### TASK ITEM
Begin the copy at the line containing "网址 http∶//zhyx" in the data below and end it at the line containing "This is an Associate", keeping each line exact and leaving out pictures.

### RECORDS SUPPLIED
- - - - - - -

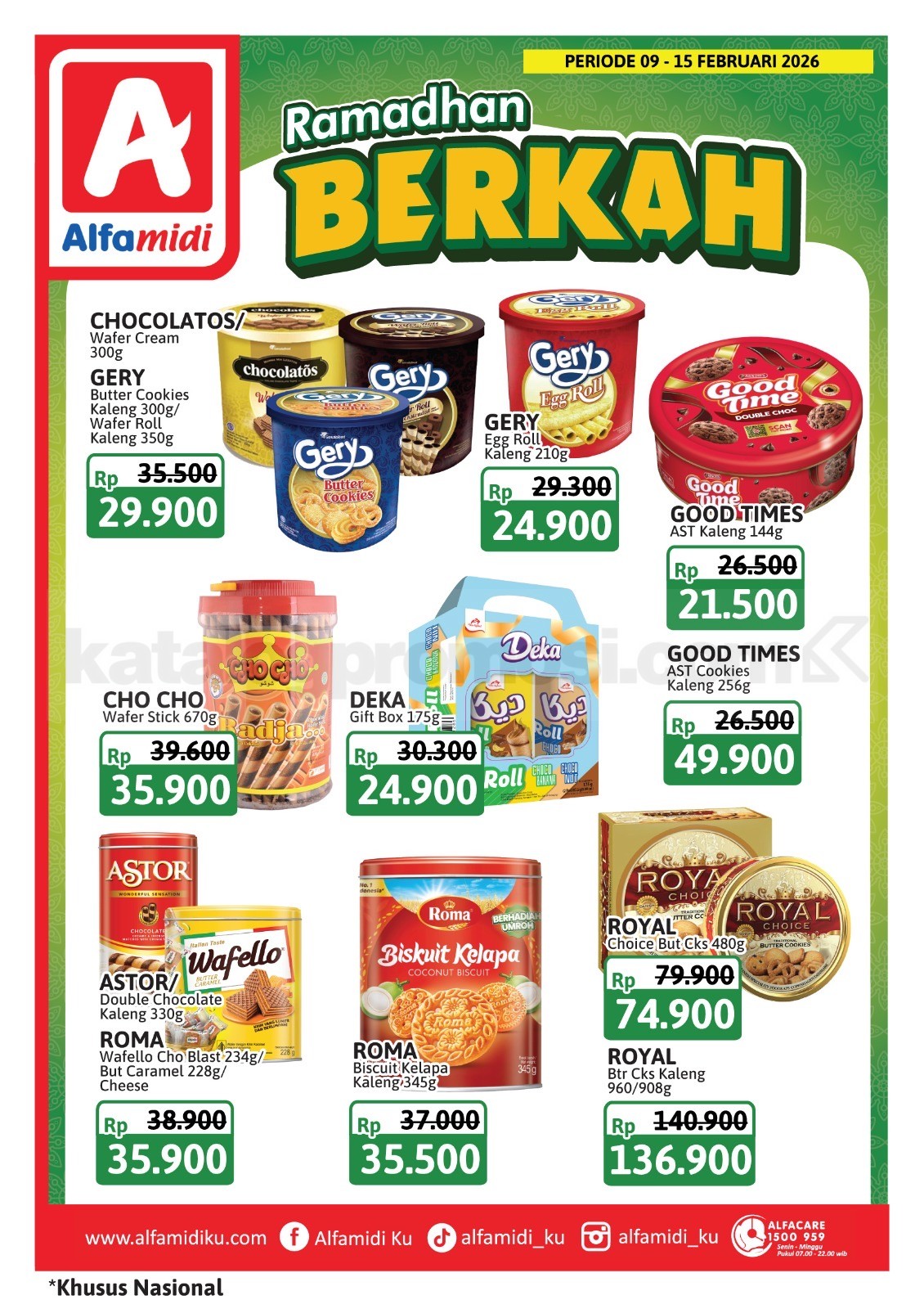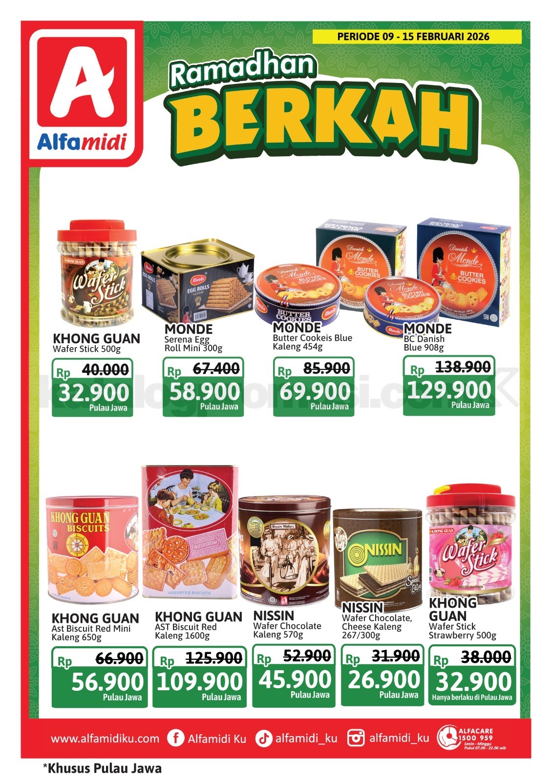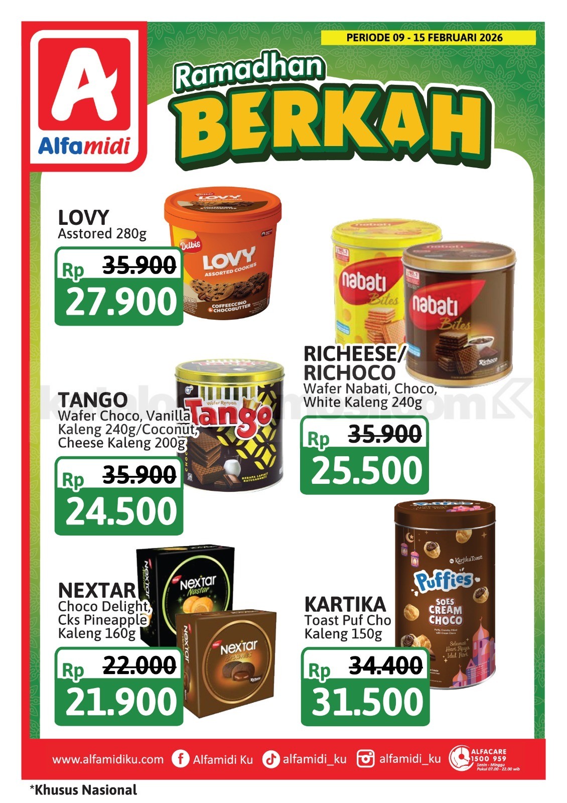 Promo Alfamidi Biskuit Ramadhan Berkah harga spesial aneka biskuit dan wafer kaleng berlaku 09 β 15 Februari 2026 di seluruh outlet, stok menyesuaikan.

- - - - - - -

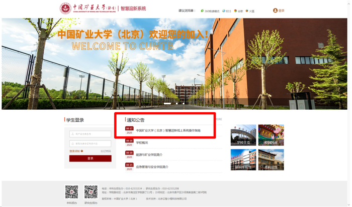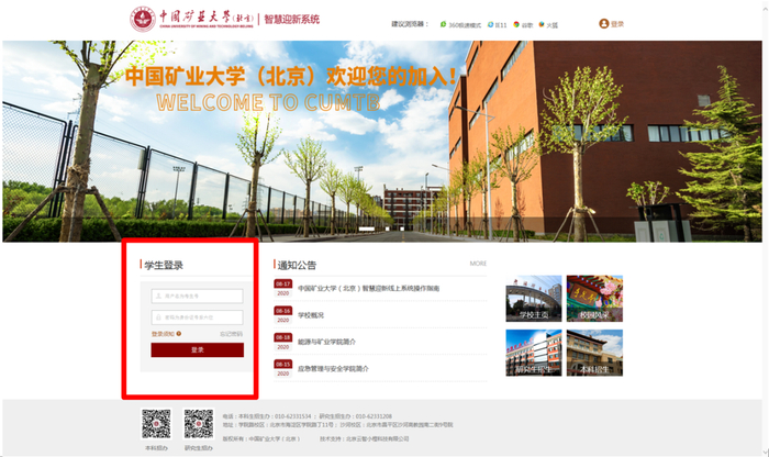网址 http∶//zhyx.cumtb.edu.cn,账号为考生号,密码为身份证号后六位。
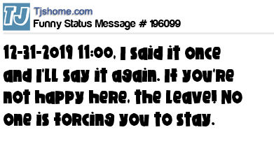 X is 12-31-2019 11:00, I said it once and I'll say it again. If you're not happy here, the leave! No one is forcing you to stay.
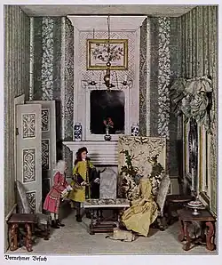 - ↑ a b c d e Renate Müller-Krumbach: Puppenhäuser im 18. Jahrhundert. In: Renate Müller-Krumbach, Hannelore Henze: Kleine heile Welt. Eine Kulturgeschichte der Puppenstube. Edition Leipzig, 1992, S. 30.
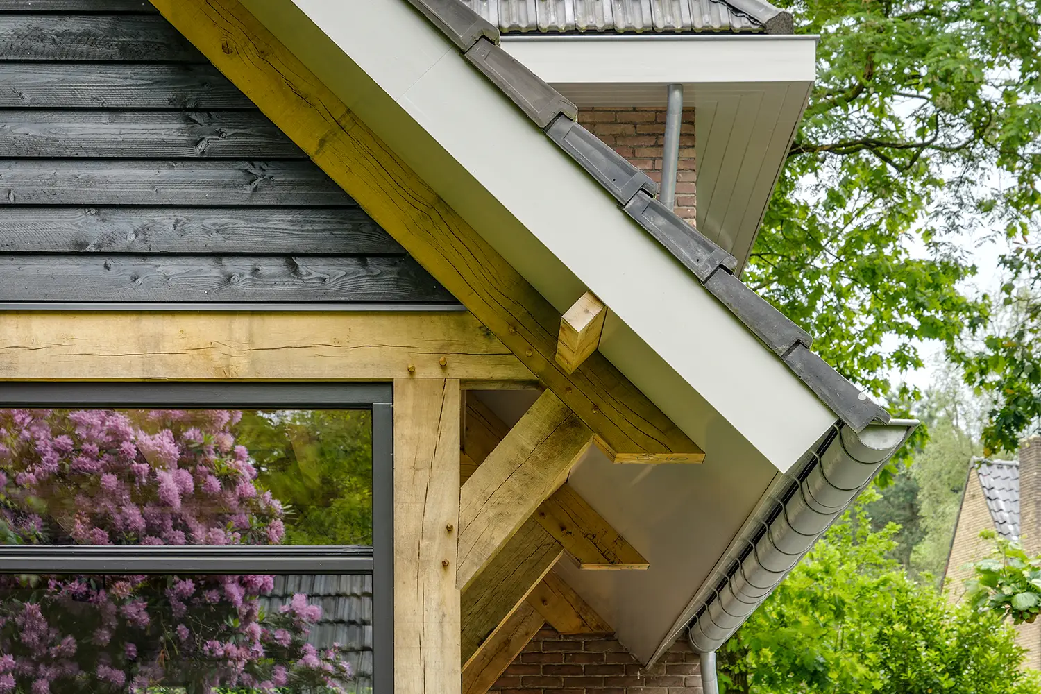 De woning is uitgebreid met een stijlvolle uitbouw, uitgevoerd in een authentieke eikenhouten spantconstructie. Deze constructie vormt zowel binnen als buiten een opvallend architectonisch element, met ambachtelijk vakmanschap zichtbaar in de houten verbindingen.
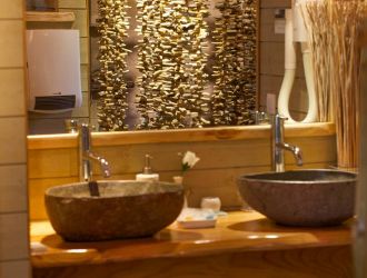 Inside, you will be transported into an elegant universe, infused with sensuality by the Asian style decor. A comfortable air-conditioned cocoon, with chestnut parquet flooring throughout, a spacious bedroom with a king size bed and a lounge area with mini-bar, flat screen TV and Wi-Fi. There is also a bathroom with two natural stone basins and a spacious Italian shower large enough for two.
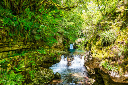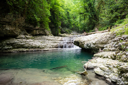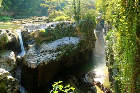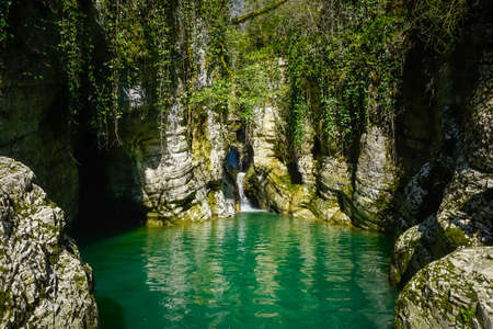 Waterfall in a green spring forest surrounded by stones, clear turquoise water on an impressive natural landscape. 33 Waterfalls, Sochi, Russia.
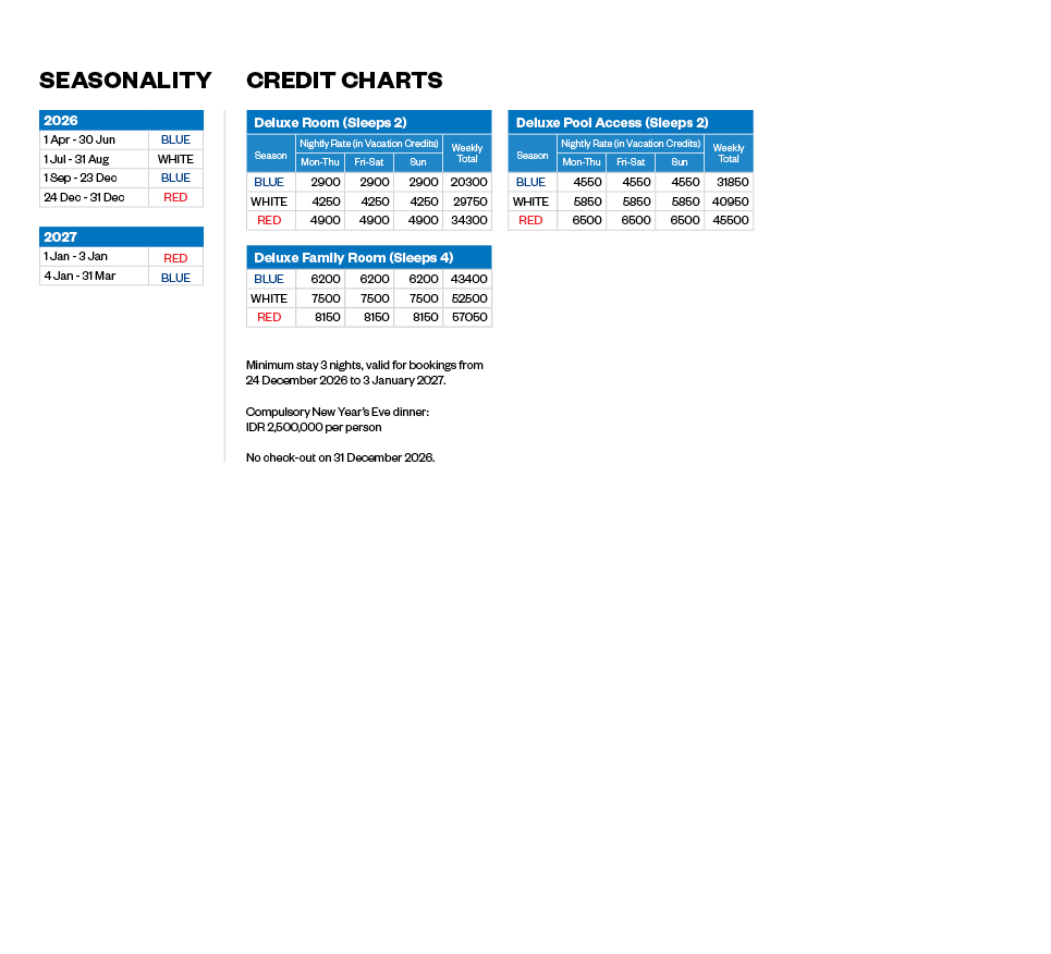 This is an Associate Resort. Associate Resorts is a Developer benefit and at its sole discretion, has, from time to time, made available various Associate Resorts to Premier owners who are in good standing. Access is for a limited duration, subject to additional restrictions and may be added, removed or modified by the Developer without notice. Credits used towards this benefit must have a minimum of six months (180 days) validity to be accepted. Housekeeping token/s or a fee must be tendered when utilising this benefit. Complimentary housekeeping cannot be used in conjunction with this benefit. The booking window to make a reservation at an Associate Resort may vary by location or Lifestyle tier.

- - - - - - -

### WRITTEN ANSWER
网址 http∶//zhyx.cumtb.edu.cn,账号为考生号,密码为身份证号后六位。
 X is 12-31-2019 11:00, I said it once and I'll say it again. If you're not happy here, the leave! No one is forcing you to stay.
 - ↑ a b c d e Renate Müller-Krumbach: Puppenhäuser im 18. Jahrhundert. In: Renate Müller-Krumbach, Hannelore Henze: Kleine heile Welt. Eine Kulturgeschichte der Puppenstube. Edition Leipzig, 1992, S. 30.
 De woning is uitgebreid met een stijlvolle uitbouw, uitgevoerd in een authentieke eikenhouten spantconstructie. Deze constructie vormt zowel binnen als buiten een opvallend architectonisch element, met ambachtelijk vakmanschap zichtbaar in de houten verbindingen.
 Inside, you will be transported into an elegant universe, infused with sensuality by the Asian style decor. A comfortable air-conditioned cocoon, with chestnut parquet flooring throughout, a spacious bedroom with a king size bed and a lounge area with mini-bar, flat screen TV and Wi-Fi. There is also a bathroom with two natural stone basins and a spacious Italian shower large enough for two.
 Waterfall in a green spring forest surrounded by stones, clear turquoise water on an impressive natural landscape. 33 Waterfalls, Sochi, Russia.
 This is an Associate Resort. Associate Resorts is a Developer benefit and at its sole discretion, has, from time to time, made available various Associate Resorts to Premier owners who are in good standing. Access is for a limited duration, subject to additional restrictions and may be added, removed or modified by the Developer without notice. Credits used towards this benefit must have a minimum of six months (180 days) validity to be accepted. Housekeeping token/s or a fee must be tendered when utilising this benefit. Complimentary housekeeping cannot be used in conjunction with this benefit. The booking window to make a reservation at an Associate Resort may vary by location or Lifestyle tier.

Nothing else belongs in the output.